DATA PROVIDED —
+ + + +
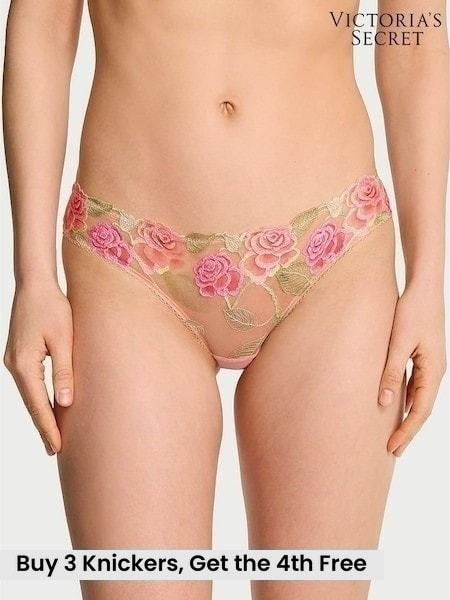 Victoria's Secret Hearts and Roses Pink Brazilian Embroided Knickers
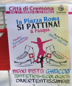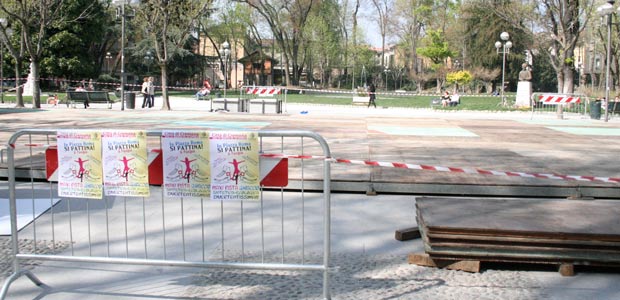 La parte centrale di piazza Roma, davanti alla pagoda, è transennata. In terra pannelli di legno e intorno il nastro bianco e rosso dei lavori. Dalla Svizzera, in arrivo ai giardini un pista del ghiaccio “sintetica, ecologica, divertentissima”, si legge sui volantini appesi intorno allo spazio delimitato. Starà ai giardini dal 31 marzo al 22 aprile. Sui manifesti il logo del Comune di Cremona.
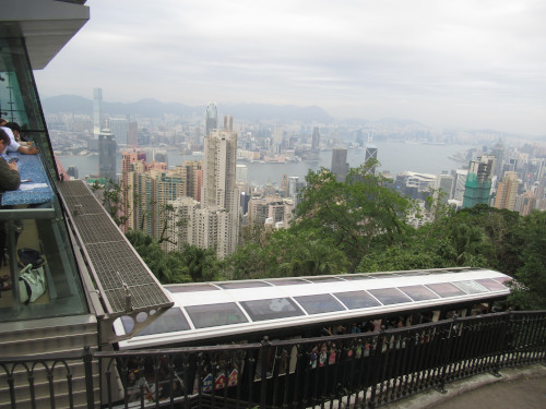 ついた駅が超近代的な駅で、中はショッピングモールのような感じになっていました。駅の周りは観光客で満員でした。皆さん駅の中で食事をしたり、外で写真を撮ったり、結構にぎやかな所でした。それにしても駅の周りはどこでもごみひとつ落ちてなくて非常に綺麗に整備されていました。外に出てみると目の下にたくさんの高層ビルが見えました。又はるか向こうの対岸の九龍にあった高層ビルも見られて香港は本当に超高層ビルの街だなと感じました。ビクトリアピークは夜警がとても有名ですが我々がついたときはあいにく薄曇りでお昼の3時ごろだったので、ビクトリアピークから見る夜警は楽しめませんでしたがここから見る香港の景色は大変素晴らしい物でした。
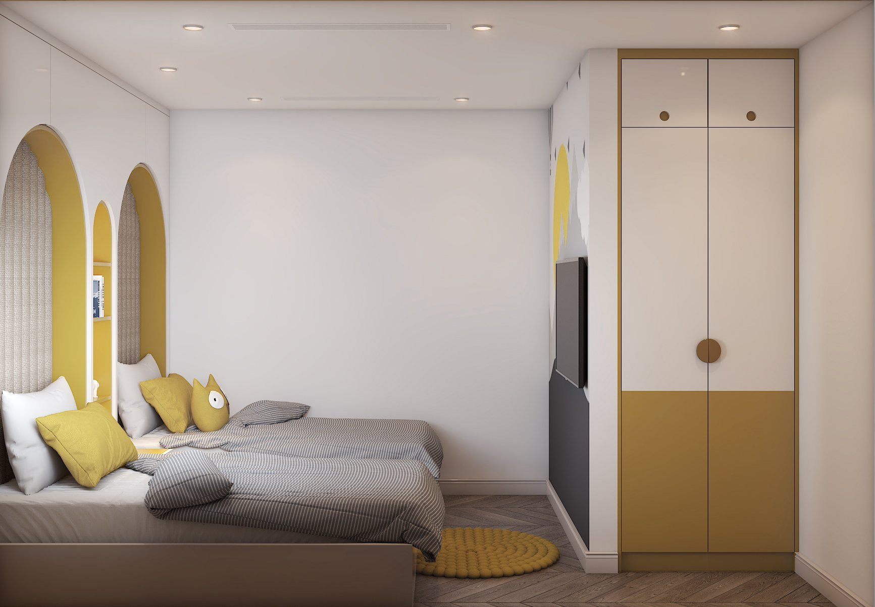 Những phòng ngủ ấn tượng, đẹp mắt cho vợ chồng gia chủ và hai con.
+ + + +
WHAT THE EXERCISE ASKS — Copy, exactly and exclusively, the lines beginning with the one that contains "ついた駅が超近代的な駅で、中" and ending with the last line of the listing; pictures are to be omitted.

SOLVED PROBLEM —
 ついた駅が超近代的な駅で、中はショッピングモールのような感じになっていました。駅の周りは観光客で満員でした。皆さん駅の中で食事をしたり、外で写真を撮ったり、結構にぎやかな所でした。それにしても駅の周りはどこでもごみひとつ落ちてなくて非常に綺麗に整備されていました。外に出てみると目の下にたくさんの高層ビルが見えました。又はるか向こうの対岸の九龍にあった高層ビルも見られて香港は本当に超高層ビルの街だなと感じました。ビクトリアピークは夜警がとても有名ですが我々がついたときはあいにく薄曇りでお昼の3時ごろだったので、ビクトリアピークから見る夜警は楽しめませんでしたがここから見る香港の景色は大変素晴らしい物でした。
 Những phòng ngủ ấn tượng, đẹp mắt cho vợ chồng gia chủ và hai con.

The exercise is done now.